Run the following ADB command from the RKNN rknn_ssd_demo example directory at external/rknpu/rknn/rknn_api/examples relative to the SDK root. It pushes the install directory to /userdata on the Rockchip device.

adb -H host.docker.internal push install /userdata

The -H host option overrides the default ADB server interface. It defaults to localhost. Add the option to point the client to the server hosting the device’s USB connection. In this case, the build system resides within a container where host.docker.internal resolves the Windows container host.

Launch the Service

Change the current working directory to the push destination and run the demo as a service.

mkdir /tmp/in /tmp/out
cd /userdata/install/rknn_ssd_demo
./rknn_ssd_demo \
  -m model/ssd_inception_v2_rv1109_rv1126.rknn \
  -i /tmp/in \
  -o /tmp/out &

The command-line arguments specify the input folder and output folder. Note that the demo program needs to launch from its installed directory otherwise it will terminate with a segmentation fault. The demo looks for coco_labels_list.txt under the model folder relative to the current working directory. This limitation could be corrected for production by providing the path to the label list as a command-line option.

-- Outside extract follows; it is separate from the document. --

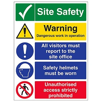Helps to fulfil legal obligations to inform employees, visitors and the general public of potential hazards as per Health and Safety (Safety Signs & Signals) Regulations 1996 Conforms to EN ISO 7010:2012 - Warning signs feature a triangular symbol with a black pictogram and yellow background occupying at least 50% of the total sign area Portrait Orientation. Sign reads "Site Safety. Warning. Dangerous Work In Operation. All Visitors Must Report To The Site Office. Safety Helmets Must Be Worn" Highly durable 1mm plastic material and screen printed message will stand the test of time Sign measures 450 x 600mm.

The new service begins by initialising the Rockchip hardware and loading the SSD model, as follows.

Loading model ...
librknn_runtime version 1.7.3

Testing and Evaluation

The following tests utilise the ADB bridge over USB. USB is fast and can approximate the capture rate of a USB camera. The R snippet below lists the functional testing tools used to exercise the recognition circuit using a multi-core Windows host as a 20-node compute cluster.

#' @examples
#' \dontrun{
#' unsplash.rknn() |> imager::load.image() |> plot()
#' }
unsplash.rknn <- \(..., dim = "300x300") {
  tempfile(fileext = ".bmp") -> bmp
  url <- paste0(
    "https://source.unsplash.com/random/", dim, ".jpg")
  imager::save.image(imager::load.image(url), bmp)
  system2("adb", c("push", bmp, "/tmp/in"))
  tmp <- file.path("/tmp/out", basename(bmp))
  while (system2("adb", c("pull", tmp, dirname(bmp))) != 0L) {}
  system2("adb", c("shell", "rm", tmp))
  bmp
}

tmp.out <- \(x, ext = "txt") {
  system2("adb",
          c("shell", "cat",
            file.path("/tmp/out",
              xfun::with_ext(basename(x), ext))),
          stdout = TRUE)
}

#' @examples
#' \dontrun{
#' # Process 100 random bitmaps.
#' # Load their results.
#' sfLapply(1:100, unsplash.rknn) -> bmp
#' sfLapply(bmp, tmp.csv) -> csv
#' sfLapply(bmp, tmp.csv, ext = "txt") -> txt
#' }
tmp.csv <- \(x, ext = "csv") {
  read.csv(text = tmp.out(x, ext))
}

#' Compiles a data frame for a single RKNN run.
#'
#' The data frame includes:
#' - the name of the recognised object,
#' - its left, top, right and bottom bitmap bounds,
#' - millisecond Rockchip performance, and the
#' - marked-up bitmap path.
#'
#' Requires an ADB connection to the system-on-chip.
#'
#' @examples
#' \dontrun{
#' do.call(rbind, sfLapply(bmp, unsplash))
#' }
unsplash <- \(bmp) {
  csv <- tmp.csv(bmp)
  if (nrow(csv) != 0L)
    cbind(csv, tmp.csv(bmp, "txt"), data.frame(bmp = bmp))
}

The test machine launches 20 concurrent processes as a compute cluster and applies 1000 concurrent “unsplash.rknn” jobs; each job pops a random image from the Internet and pushes it through the “inotify” and RKNN service before reloading the marked image.

library(snowfall)
sfInit(parallel = TRUE, cpus = 20L)
sfLapply(1:1000, unsplash.rknn)
load("ms.RData")
hist(ms, main = "RKNN performance (ms)")

See Figure 1. Notice that the vast majority of frames pass through the RISC-V at around 70ms. See also Figure 2. The recognition performance and the compute performance are not correlated.

Conclusions

Generic processing of arbitrary ‘image frame capture’ sources is the primary advantage of the “inotify” approach. It allows for any source that can generate a filesystem image, as well as for multiple sources simultaneously since the architecture does not care about where the frames originate nor how they interrelate. The order of kernel events determines the priority of recognition: first come, first served. Effectively, the approach converts the neural network to a fully abstract service with a filesystem interface.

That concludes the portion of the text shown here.